Planificar compensa cuando la tarea tiene varios pasos con dependencias claras y un objetivo estable, porque el plan reduce llamadas y mantiene el rumbo. No compensa en tareas de un solo paso o muy exploratorias, donde el entorno cambia tanto que cualquier plan queda obsoleto enseguida; ahí un bucle reactivo con buena replanificación rinde mejor.

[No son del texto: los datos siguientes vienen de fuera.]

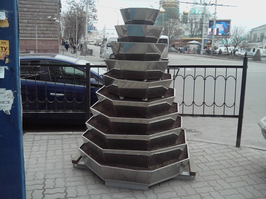 ростовский вариант вертикального озеленения, несколько таких видел.Горшочки наши то поприятнее будут)

¿Qué es la replanificación?
Es el paso en el que el agente, tras ejecutar una o varias subtareas, revisa lo aprendido y ajusta el plan restante. Puede reordenar pasos, añadir nuevos, descartar los que ya no aplican o terminar si el objetivo se ha cumplido. Es lo que permite al agente recuperarse de errores y de resultados inesperados sin abandonar la tarea.
Conclusión
La planificación es lo que permite a un agente de IA abordar trabajos largos sin perderse: descompone el objetivo en subtareas, las organiza en una lista, un árbol o un grafo, y las ejecuta con un patrón planificador-ejecutor que sabe replanificar cuando algo falla. Es un compromiso entre eficiencia y flexibilidad, no una bala de plata. El siguiente paso natural es comparar este enfoque con el bucle reactivo en plan-and-execute frente a ReAct y ver cómo se combinan ambos.
Fuentes: [1] Plan-and-Solve Prompting (Wang et al., 2023)[1], [2] Tree of Thoughts (Yao et al., 2023)[2], [3] Plan-and-Execute Agents (blog de LangChain)[3], [4] Building effective agents (Anthropic, 2024)[4].